■ **Given material**
+===+

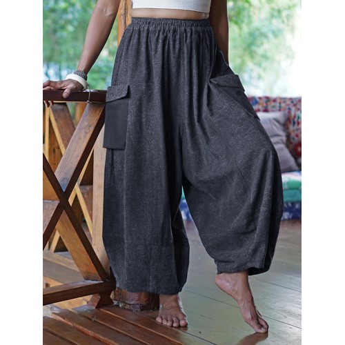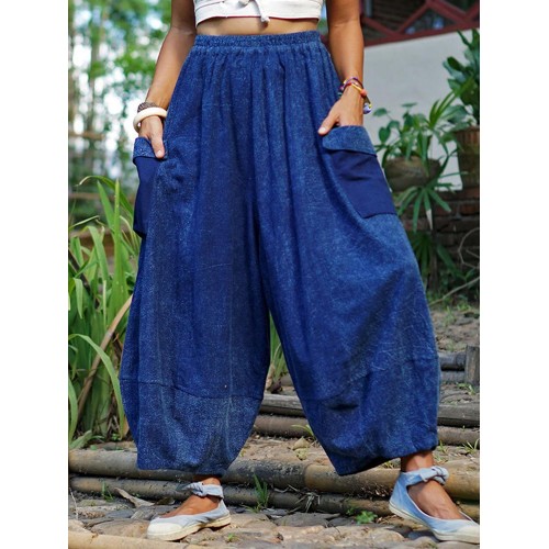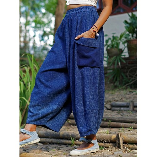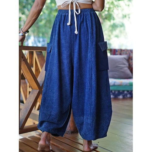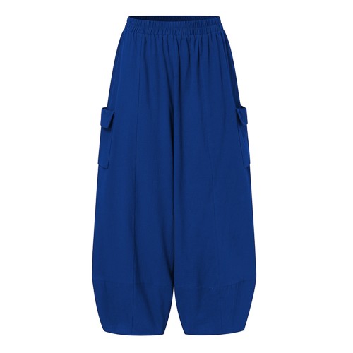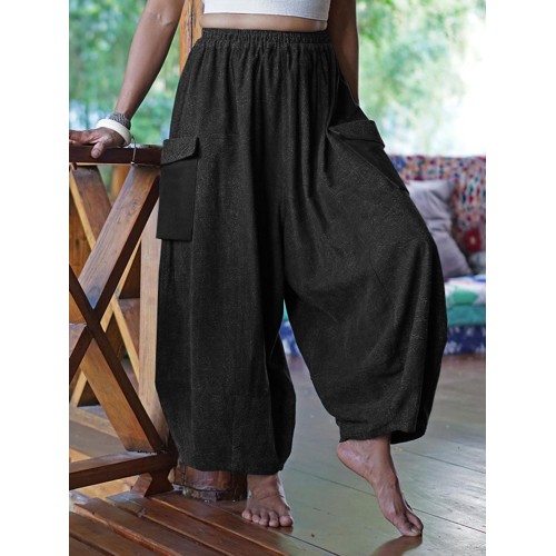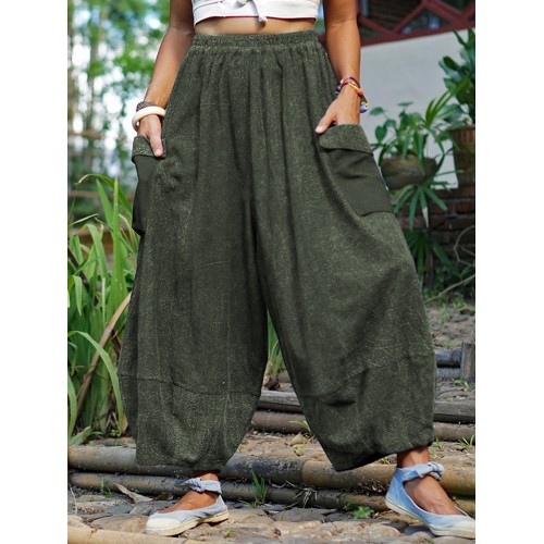 Women Cotton Solid Color Pocket Elastic Waist Harem Pants
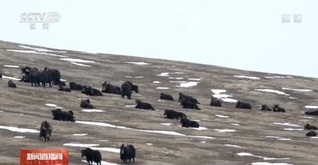 甘肃盐池湾国家级自然保护区管理局局长 裴雯:这些画面都是我们保护区的工作人员在巡护、监测的过程中拍摄的一些画面,野牦牛不怎么怕人,同时还追着车跑,我们的工作人员看见野牦牛非常兴奋!发现这个野牦牛群有二三百只那么多。
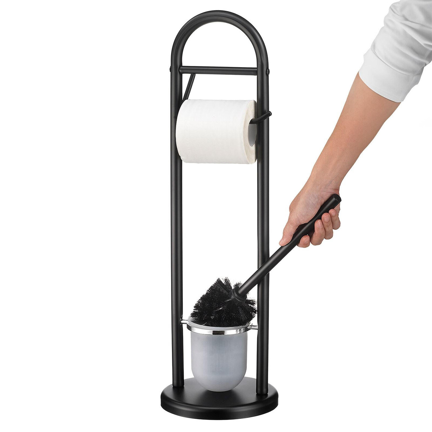 Держатель для туалетной бумаги EGONДержатель для туалетной бумаги EGON сочетает в себе функциональность и стильный дизайн в вашей ванной комнате. Благодаря современному округлому виду и матовой черной отделке он органично впишется в любой интерьер ванной комнаты. Встроенный держатель для щеток с подходящей ершиком для унитаза особенно практичен. Свободностоящая конструкция позволяет легко устанавливать устройство без сверления. Кроме того, круглая основа обеспечивает надежную подставку, а круглая ручка облегчает перемещение.Описание материала:Рамка основания и стержень щетки изготовлены из металла, окрашенного в черный (матовый) цветКисть и держатель из пластика (держатель щетки из матового стекла) внешний вид)Особенности:Съемный держатель щеткиКруглое основание для устойчивостиСовременный закругленный дизайнДоставка и сборка:Объем поставки: держатель для туалетной бумаги, включая щеткуТовар поставляется в разобранном видеДоставка осуществляется службой доставки посылками.

+===+

Retype all of the data above word for word, excluding the pictures.

■ **Response to the exercise**
 Women Cotton Solid Color Pocket Elastic Waist Harem Pants
 甘肃盐池湾国家级自然保护区管理局局长 裴雯:这些画面都是我们保护区的工作人员在巡护、监测的过程中拍摄的一些画面,野牦牛不怎么怕人,同时还追着车跑,我们的工作人员看见野牦牛非常兴奋!发现这个野牦牛群有二三百只那么多。
 Держатель для туалетной бумаги EGONДержатель для туалетной бумаги EGON сочетает в себе функциональность и стильный дизайн в вашей ванной комнате. Благодаря современному округлому виду и матовой черной отделке он органично впишется в любой интерьер ванной комнаты. Встроенный держатель для щеток с подходящей ершиком для унитаза особенно практичен. Свободностоящая конструкция позволяет легко устанавливать устройство без сверления. Кроме того, круглая основа обеспечивает надежную подставку, а круглая ручка облегчает перемещение.Описание материала:Рамка основания и стержень щетки изготовлены из металла, окрашенного в черный (матовый) цветКисть и держатель из пластика (держатель щетки из матового стекла) внешний вид)Особенности:Съемный держатель щеткиКруглое основание для устойчивостиСовременный закругленный дизайнДоставка и сборка:Объем поставки: держатель для туалетной бумаги, включая щеткуТовар поставляется в разобранном видеДоставка осуществляется службой доставки посылками.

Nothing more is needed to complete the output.